_Information provided_:
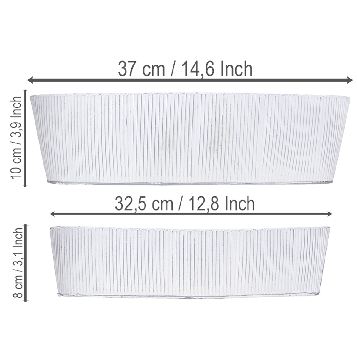 Den ovale metallskålen i hvitt og sølv gir et snev av retro og vintage til hjemmet ditt. Med sin hvitvaskede ytre overflate og sølvbelegg på innsiden, legger disse metallskålene aksenter til rommets innredning. Den enkle, ovale formen appellerer til moderne design, som sømløst kan integreres i en moderne eller skandinavisk interiørstil – ideell som en stilig, elegant borddekorasjon. Kombinert med tilbehør fra metalldekorasjonskategorien til Floristik24, er resultatet et harmonisk helhetsbilde. Den rillede dekoren og kombinasjonen av hvitt og sølv understreker den attraktive glansen og gjør disse skålene til et uunnværlig høydepunkt på enhver skjenk eller spisebord.
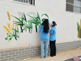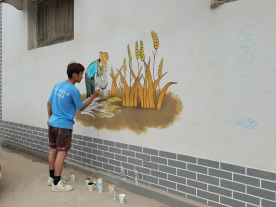 在一周的时间里,同学们采用了多种绘画技巧,积极协作,完成了部分墙绘任务。同学们充分发挥各自的特长和优势,紧密结合苏海村文化和乡村特色,呈现了丰富多样的题材,以通俗易懂的艺术创作,展现了乡村振兴和生态文明理念等内容,用一幅幅主题鲜明、风格各异的墙绘作品装点乡村,使得单一乏味的陈旧围墙变身成一道亮丽的风景线。
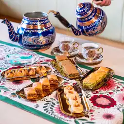 🍰 And that's not all! Indulge in Turkish desserts like Kunafa and Pistachio Baklava, along with drinks like creamy Ayran and Mango Ayran, or enjoy hot tea made from premium Middle Eastern blends, served in elegant teapots for a Middle East Afternoon Tea vibe. Truly unique and delightful! 🫖

_About this exercise_:
The lines to repeat run from the line containing "在一周的时间里,同学们采用了" through the end of the listing above, both included; give them exactly and without pictures.

_Solution to the problem_:
 在一周的时间里,同学们采用了多种绘画技巧,积极协作,完成了部分墙绘任务。同学们充分发挥各自的特长和优势,紧密结合苏海村文化和乡村特色,呈现了丰富多样的题材,以通俗易懂的艺术创作,展现了乡村振兴和生态文明理念等内容,用一幅幅主题鲜明、风格各异的墙绘作品装点乡村,使得单一乏味的陈旧围墙变身成一道亮丽的风景线。
 🍰 And that's not all! Indulge in Turkish desserts like Kunafa and Pistachio Baklava, along with drinks like creamy Ayran and Mango Ayran, or enjoy hot tea made from premium Middle Eastern blends, served in elegant teapots for a Middle East Afternoon Tea vibe. Truly unique and delightful! 🫖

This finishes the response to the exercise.